3.4 Transformer Distilbert Model
The final model used in this project is the Transformer Distilbert model, which is a distilled version of the Bert architecture. Distilbert stands for "Distillated Bert," and it has 40% fewer parameters than the base Bert model while running 60% faster. This model utilizes attention mechanism to learn contextual relations between words and text, resulting in improved performance on the question answering task.
Evaluation of Baseline Model
The baseline model, which is the vanilla sequence to sequence model, performed poorly in terms of predicting accurate answers. Due to the limitations of this model, such as the inability to effectively represent the complete context in a single encoded vector, it struggled to yield satisfactory results.
Improvement with Attention Mechanism
By incorporating attention mechanism with the LSTM-based sequence to sequence model, the predictions showed some semantic Sense. However, further training is necessary to optimize the performance of this model.
Introduction to Transformer Encoder
The Transformer Encoder, an integral part of the Transformer Distilbert model, utilizes attention mechanism to learn contextual relations between words and text. This mechanism alleviates the unidirectionality constraint by using a mask language model, which masks some tokens from the input. The objective is to predict the masked word based on its surroundings.
Distilbert Model: A Distilled Version of Bert
The Distilbert model, which is a smaller and faster variant of the Bert model, has proven to be effective in various natural language processing tasks. It has 40% fewer parameters than the base Bert model while preserving 97% of its performance on the Blue language understanding benchmark.

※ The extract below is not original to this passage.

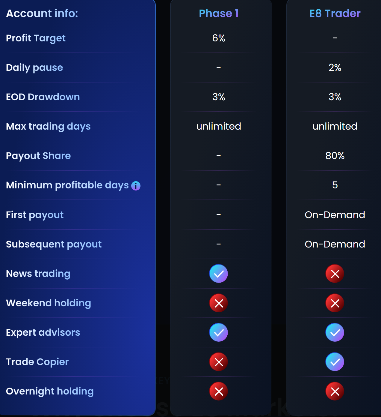 ( tuy nhiên xét về quy tắc payouts thì E8 signature lại khó hơn một chút so với E8 One )
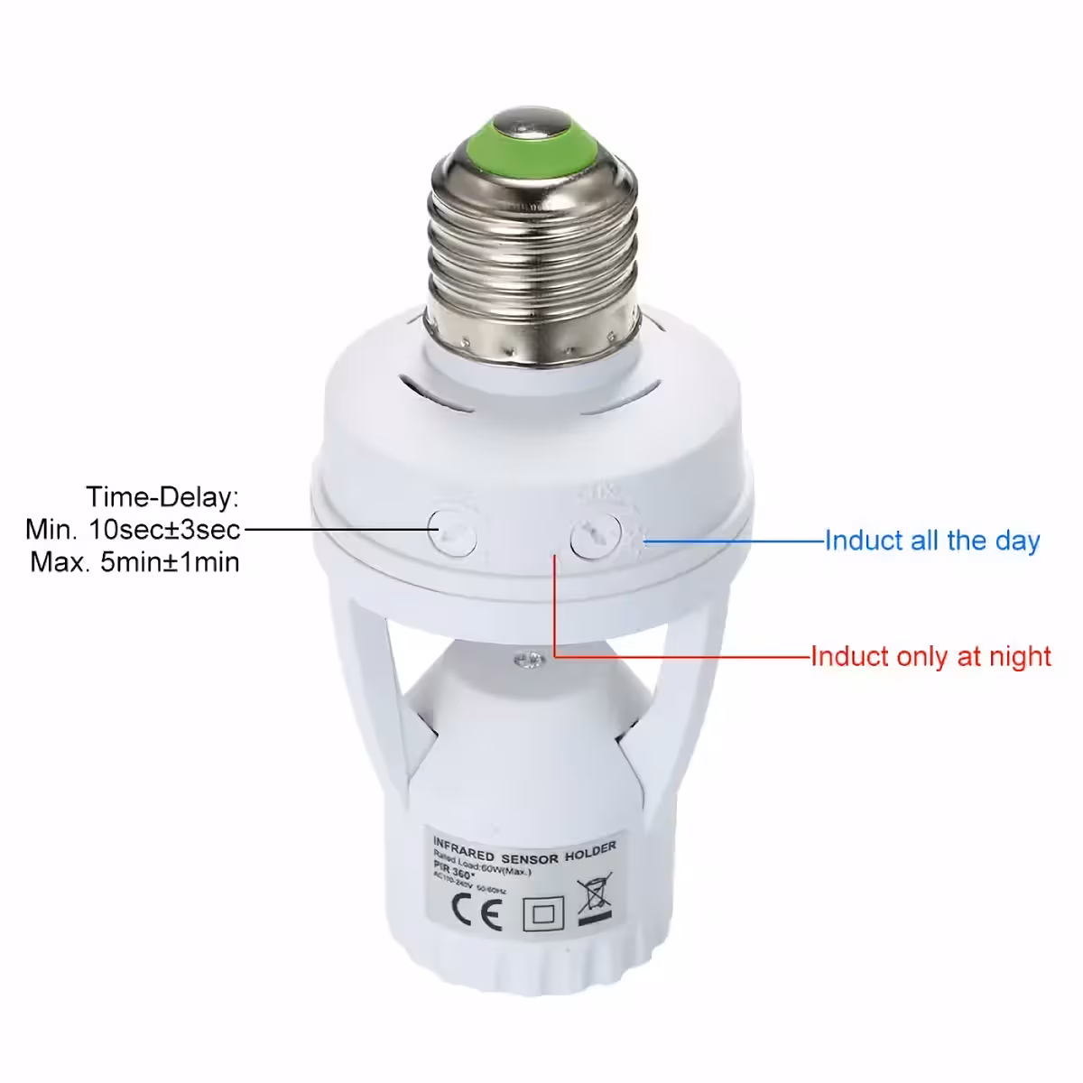 Ten czujnik PIR do oprawki E27 montuje się bardzo łatwo, zastępując standardową oprawkę żarówki. Pasuje do wszystkich typów żarówek z gwintem E27: tradycyjnych, energooszczędnych lub LED. Czułość oraz poziom światła, przy którym czujnik włącza się, są regulowane, co zapewnia dużą elastyczność w użyciu zarówno w ciągu dnia, jak i w nocy.

Pre-processing of Squad Data
To preprocess the Squad data, incorrect offsets of the provided answers are corrected, and an answer end index is added to denote the end position of the answer. The tokenizer used for this task has a maximum sequence length of 512, which means that some answers may be truncated if they exceed this limit. Additionally, the tokenizer provided by the Hugging Face library is utilized for its speed performance benefits.

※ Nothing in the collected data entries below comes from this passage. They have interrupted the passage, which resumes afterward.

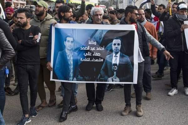 وتابع التقرير بالقول : ان متظاهري البصرة حملوا صورة الصحافيين أحمد عبد الصمد وصفاء غالي اللذين اغتالتهما الميليشيات في المدينة
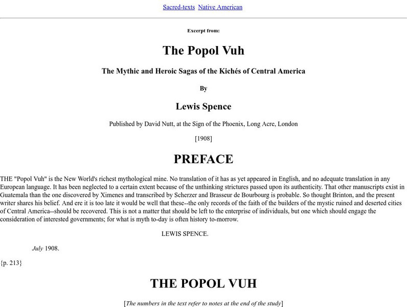 This is an extract from an English translation of the Popol Vuh, the mythic and heroic sagas of the Kiches of Central America.
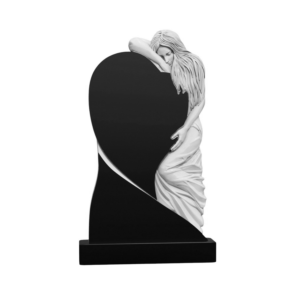 Фрезерная модель памятника со скорбящей и сердцем, может быть выполнена из любой породы гранита и мрамора. Для большей детализации и объема требуется большая толщина камня. В комплект входит тумба (постамент) и цветник.
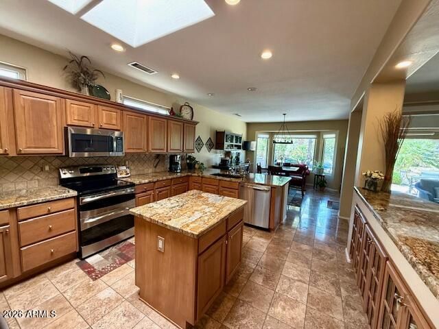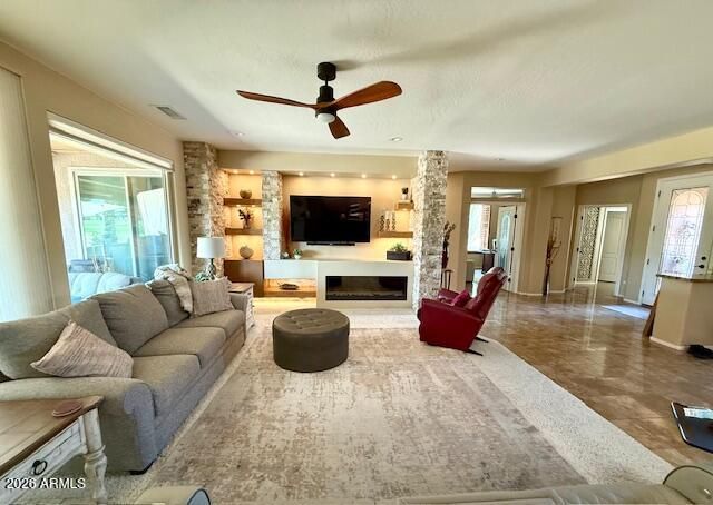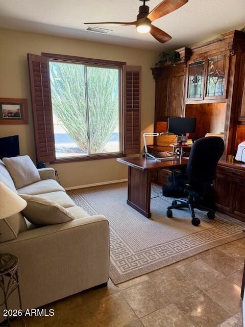 Gorgeous golf course views of Granite North #16! NO EXPENSE SPARED in this stunning Mission model w/travertine floors & plantation shutters. Kitchen features high-end granite counters & sink, custom stained cabinets w/pull-outs, glass fronts & crown molding, SS appliances, + bay window breakfast nook overlooking the course. Den w/built-ins & French doors--ideal 3rd sleeping area. Extended paver patio w/cool decking, built-in BBQ, gas firepit & roll-out awning. Owner's suite offers granite slab shower, dual sinks, bay window & slider w/GC views. Great room w/custom media wall, electric fireplace, stone accents & floating shelves. Extended 2.5-car garage w/cabinets, ceiling racks & service door. Updates: ext paint 2021, Water Htr 2023, low-E windows 2023 & sliders 2024 + NEW Trane HVAC 2026!
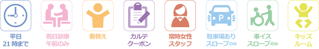 土曜9:00 – 17:00 祝日9:00 – 13:30 休診日 :日曜
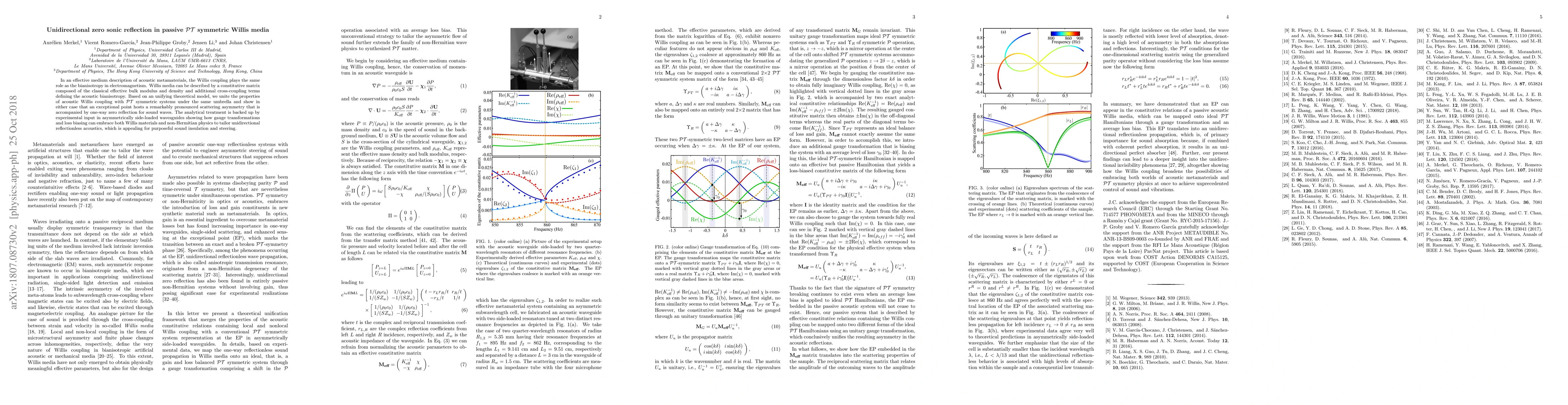 This paper demonstrates that combining Willis coupling in acoustic metamaterials with $\mathcal{PT}$ symmetric systems leads to unidirectional zero sonic reflection, facilitated by exceptional points. Experimental results in waveguides validate the theoretical model, suggesting practical applications for sound insulation and directional sound control.
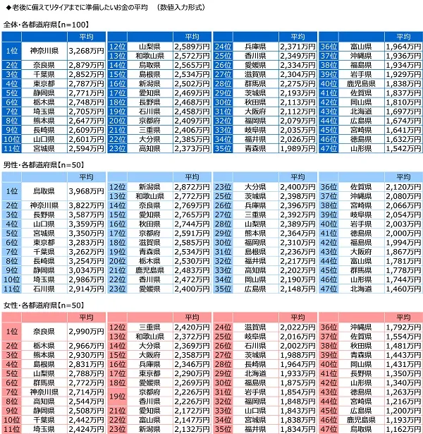 都道府県別にみると、老後に備えてリタイアまでに準備したいお金の平均は、1位は神奈川県(3,268万円)、2位は奈良県(2,879万円)、3位は千葉県(2,852万円)、4位は東京都(2,787万円)、5位は静岡県(2,771万円)となり、男女別では男性1位が鳥取県(3,968万円)、女性1位が奈良県(2,990万円)でした。

Implementation of Bert Model
The Bert model is implemented by utilizing the encoder segment, which is pre-trained on a large unlabeled corpus of data. This model can be fine-tuned and tailor-made to address specific natural language processing problems.
Introduction to Bilbert
Bilbert is a variant of the Bert model that yields only a three percent information loss while providing significant improvements in size and speed. This model offers potential benefits for applications requiring faster processing and reduced memory consumption.

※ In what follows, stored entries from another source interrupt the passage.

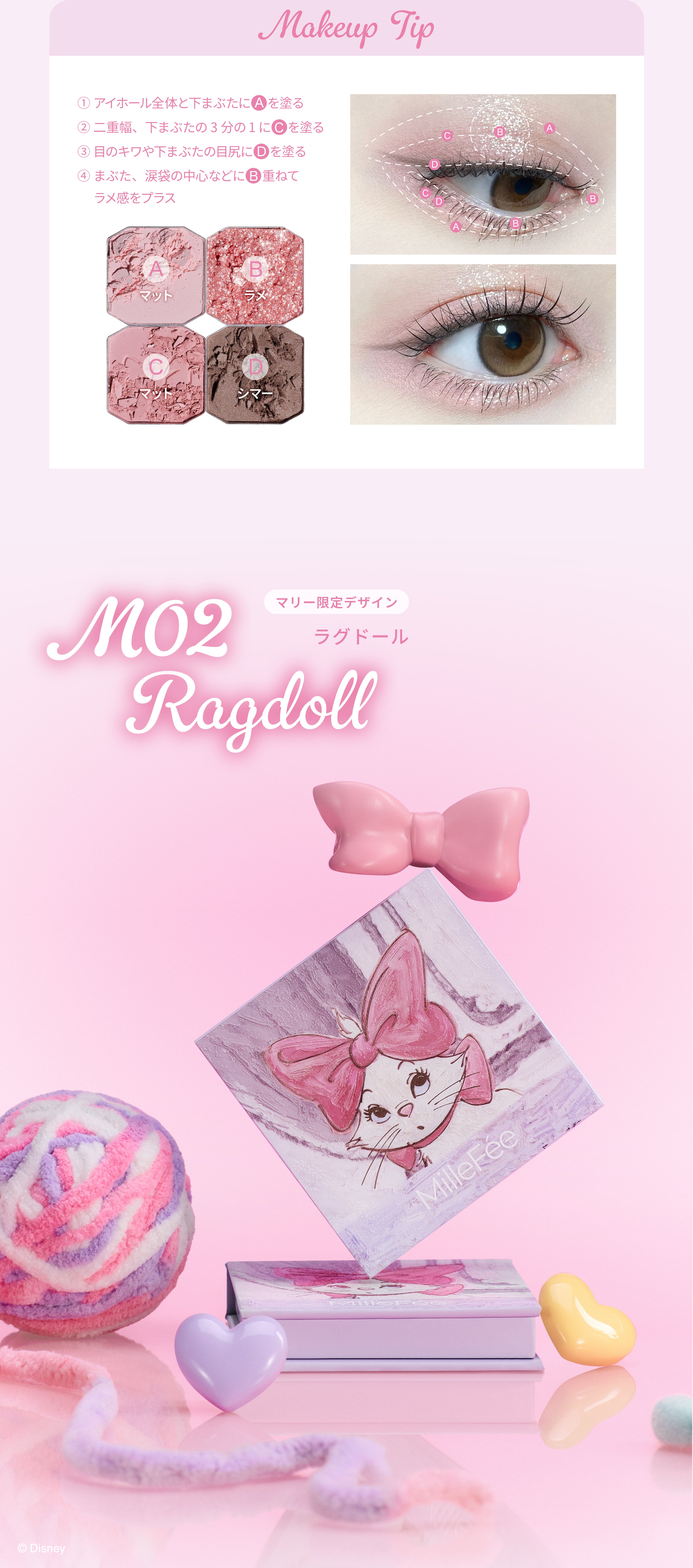 M02 ラグドール / ディズニー マリー全成分:マイカ、ホウケイ酸(Ca/Al)、ジメチコン、合成フルオロフロゴパイト、酸化チタン、酸化鉄、パルミチン酸エチルヘキシル、合成ワックス、ステアリン酸亜鉛、ポリメタクリル酸メチル、パルミチン酸亜鉛、ポリブテン、ビスジグリセリルポリアシルアジペート-2、フェノキシエタノール、マンガンバイオレット、酢酸トコフェロール、カプリリルグリコール、酸化スズ、シリカ、赤226、クエン酸
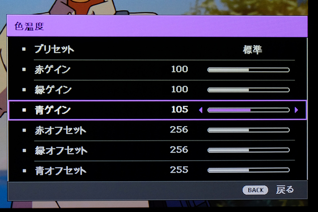 「色温度」メニューで、「青ゲイン」を「105」へと調整
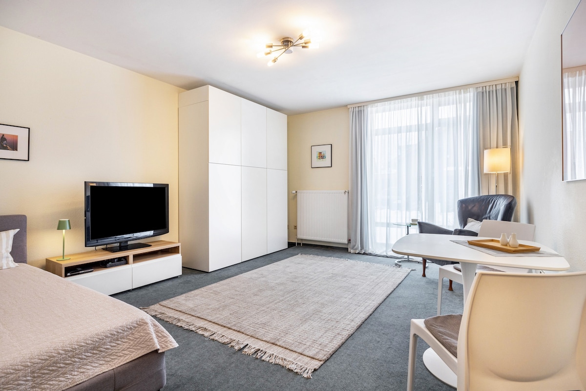El apartamento consta de sala de estar, dormitorio y baño. En el dormitorio hay una cama doble, en la sala de estar un sofá cama (1,20 m de ancho). Está amueblado con muebles de alta calidad y cuenta con un cómodo suelo de corcho. En verano es posible el uso del jardín, hay un aparcamiento y posibilidad de almacenamiento para bicicletas. Vivimos en un pueblo, la A2 se puede llegar en coche en 15 minutos.
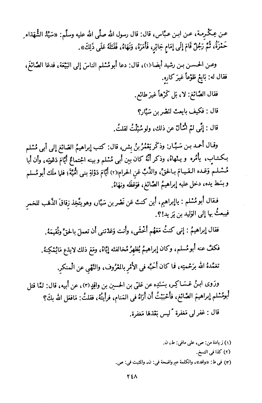 248 عن عكرمة، عن ابن عبّاس، قال: قال رسول اللّه صلّى اللّه عليه و سلّم: «سيّد الشّهداء حمزة، ثمّ رجل قام إلى إمام جائر، فأمره، و نهاه، فقتله على ذلك».
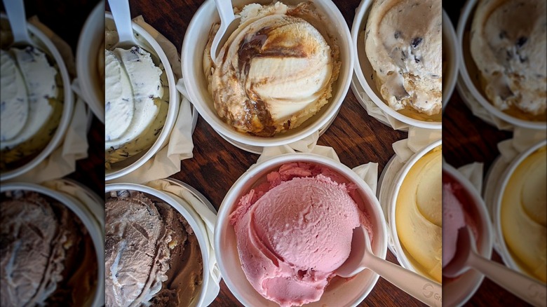 Although "lazy" might be in its name, don't take this shop lightly. Lazy Bear Creamery in Dorchester cranks out 110 (yes, you read that right) flavors at its shop. You'll find a couple staples, like vanilla, cookie dough, and coffee Oreo, as well as in-house classics like the Lazy Bruin, a yellow-dyed vanilla ice cream with chocolate sprinkles, and the Scarlet Macaw with chocolate ice cream, white and regular chocolate chips, strawberries, and white chocolate sauce.
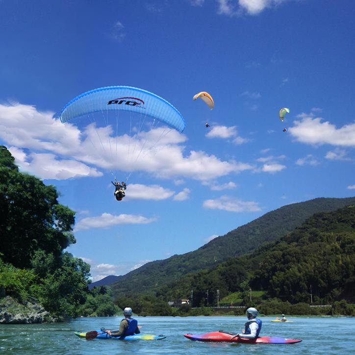 テントを立ててひと息したあと、南の空を見上げると目の前の百合山から竹房橋東に降りてくるパラグライダーをすぐ近くで見ることができます。

Limitations and Future Enhancements
While the project has achieved promising results, there are some limitations and areas for future enhancements. One limitation is the small size of the Unit.ai dataset compared to the Squad 2.0 dataset, which may affect the predictions. Splitting the long context and employing data augmentation techniques could potentially improve the prediction accuracy. Further refinement of the training process, including the use of multiple contexts, could also enhance the performance of the models.
Conclusion
In conclusion, the Unif.ai chatbot project demonstrates the effectiveness of different models in solving question answering problems. By comparing the performance of various models, we can gain insights into their strengths and weaknesses. The implementation of attention mechanism and transformer models, such as the Distilbert model, have shown significant improvements in the prediction accuracy. It is important to consider the limitations of the datasets and explore avenues for future enhancements to further optimize the performance of the question answering system.